Now, Tyre was no longer safe. The day after Israel issued its evacuation order, the city was almost entirely empty.
Burnt-out cars, flipped upside down by the force of a blast, lined the main thoroughfare of the city. Distant thuds announced Israeli airstrikes, and the occasional volley of a dozen outgoing Katyushas, the rockets popping and flaring up before accelerating and disappearing into the sky, was Hezbollah’s reply. Where beachgoers would usually lounge were journalists and a row of cameras pointed at Lebanon’s snaking coastline, with plumes of smoke where Israeli bombs dropped visible under Tyre’s clear blue sky.
Israel has said its evacuation orders are meant to minimise civilian harm and claims that it is one of the world’s only militaries to issue them in advance of strikes. However, in many of Israel’s deadliest strikes on Lebanon, there were no warnings issued, prompting questions about the purpose of the evacuation orders if not to reduce civilian deaths.

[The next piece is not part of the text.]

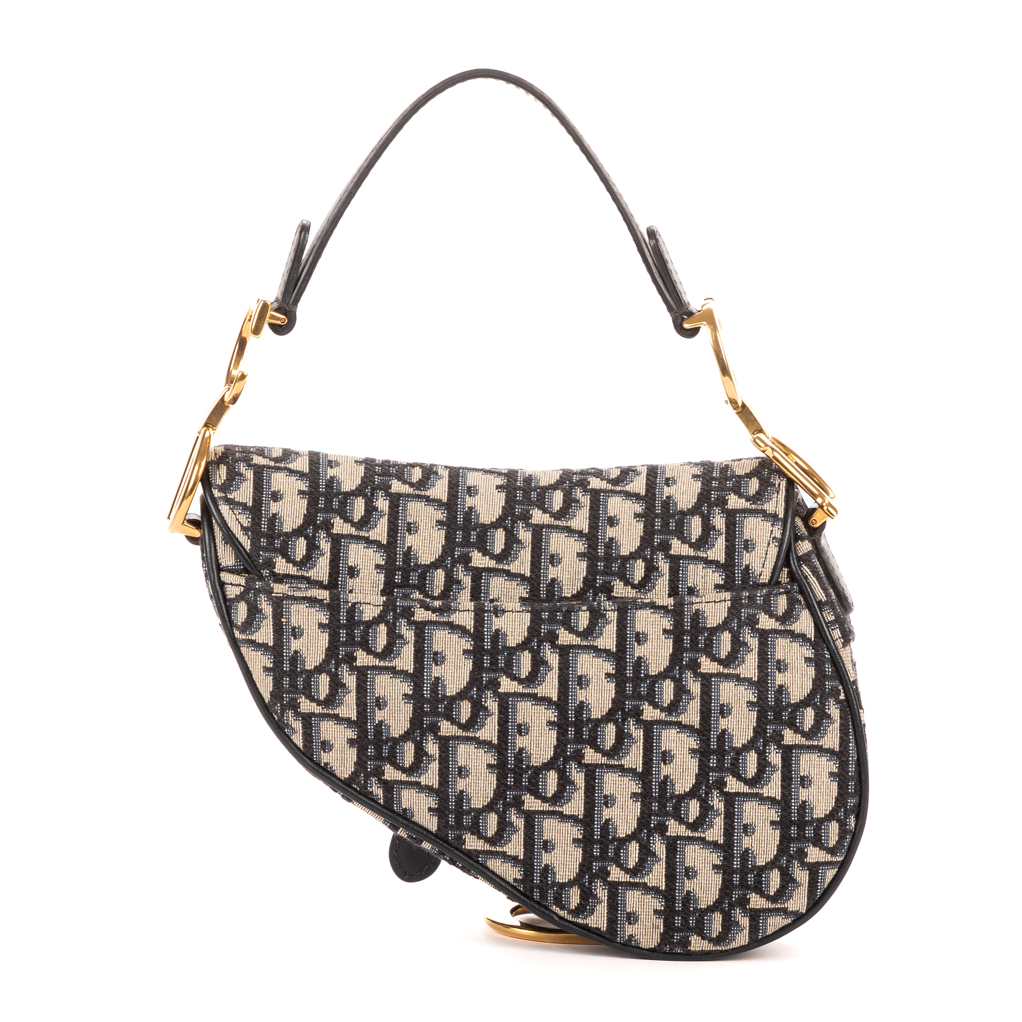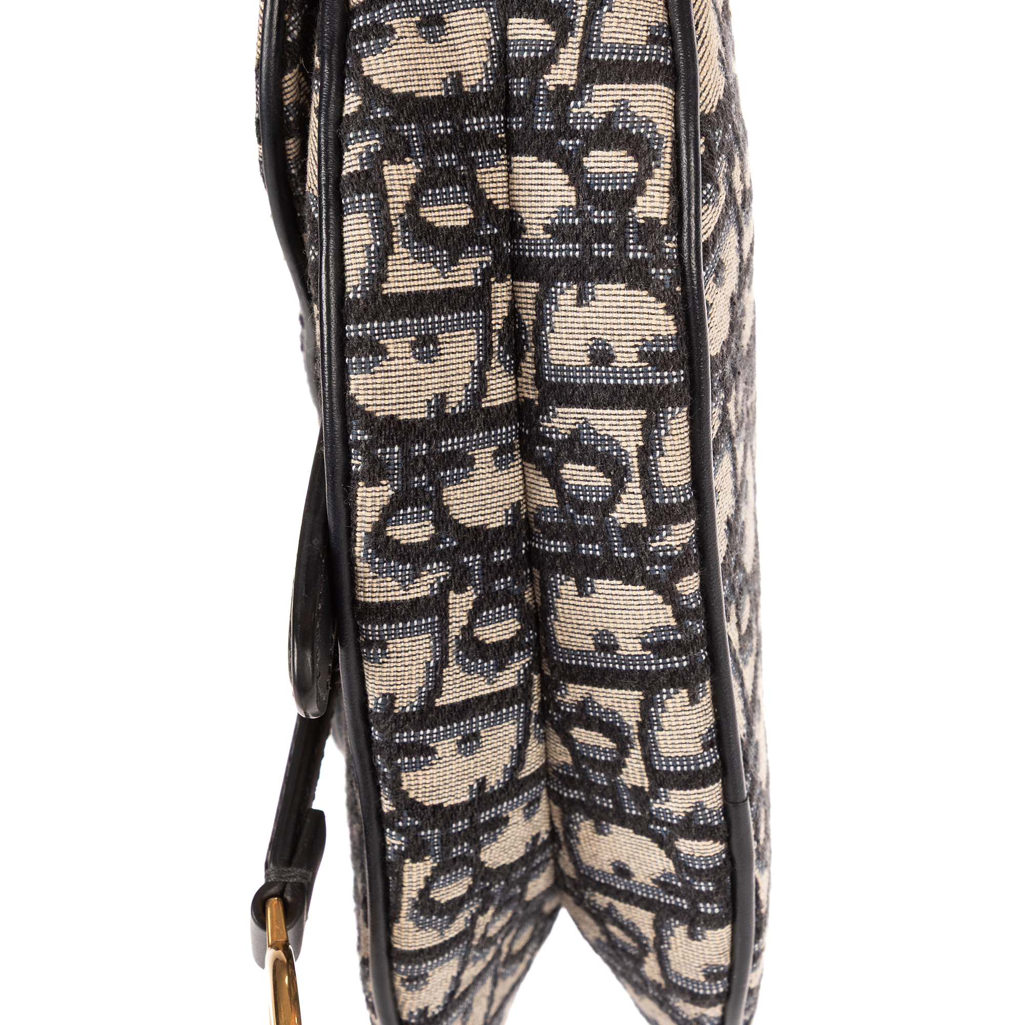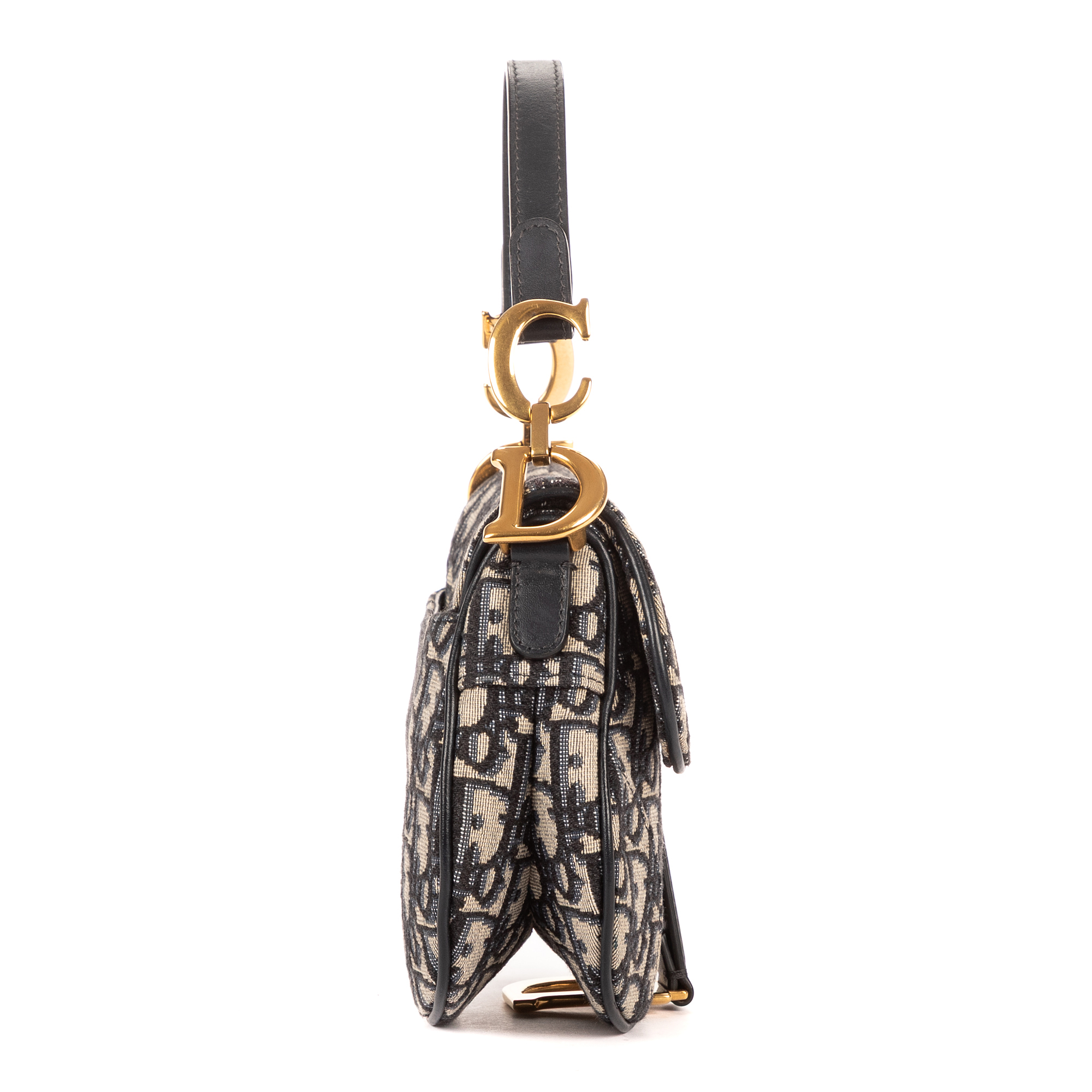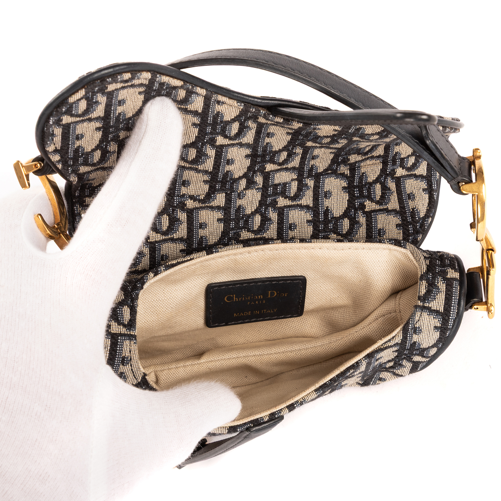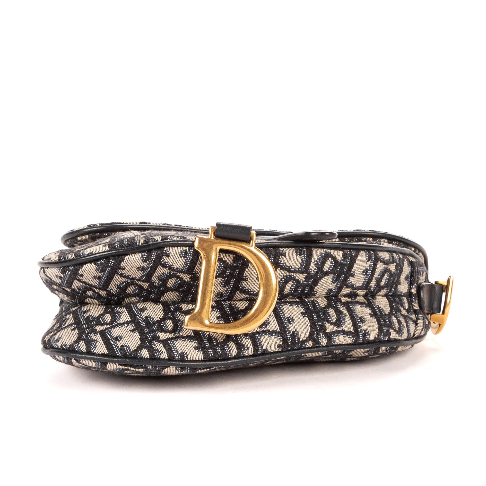 Christian Dior Sac à main Oblique Saddle Mini en Marine et Gold. Le produit est en Excellent état (A).
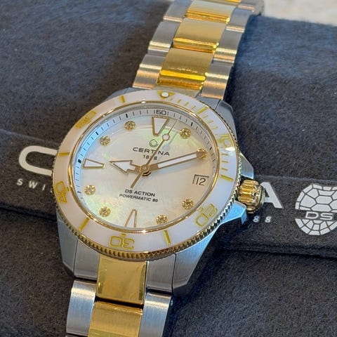 Med en diameter på 39 mm gjør den anerkjente DS PH200M en meget fin figur på ethvert håndledd. Elegant perlemor, keramikk og diamanter er perfekt supplert med favoritt (ikke-)fargen til fashionistaer over hele verden, samt en stropp laget av bærekraftig materiale. Dens ultramoderne automatiske kaliber og en vanntetthet på 200 meter sørger for at denne klokken kan skilte med både presisjon og kraft. I tillegg kan den vise til en gangreserve på imponerende 80 timer.

An Israeli strike in front of Rafik Hariri university hospital in Beirut, which killed 18 and wounded 60 on Monday, happened without any warning. The 45 residents of Ain el-Delb, near Saida, killed in an Israeli strike on 28 September were also given no evacuation orders.
“Evacuation orders are supposed to be for legitimate targets, but right now it’s not even clear if they’re legitimate targets … Israel has taken the principles of international law and turned them on their heads,” Houry said.
Despite the evacuation orders and constant airstrikes, some residents of Tyre have decided to stay behind. Hassan Dbouk, the head of the Union of Tyre Municipalities, remains in his office, overseeing the distribution of humanitarian aid to those who are left in the city.
Dbouk has received two phone calls from Israeli officers urging him to evacuate. One of the calls lasted 20 minutes. “I said to him: ‘Why are you targeting civilians? We lost four employees of the municipality already.’ He simply said: ‘For that reason I’m calling you to leave.’ Everyone has got calls, now we stopped answering,” Dbouk said.
Dbouk recounted the parable of the valley of the ants, present in both the Qur’an and the Torah. In the legend, King Solomon leads an army towards a valley filled with ants. Hearing the ground tremble before the advancing soldiers, the ants urge one another to flee so that they are not crushed underfoot.
“Solomon heard the ants and started smiling. He told his army to stop, so that the ants would have time to get to their homes. Why doesn’t Israel do the same?”, Dbouk asked.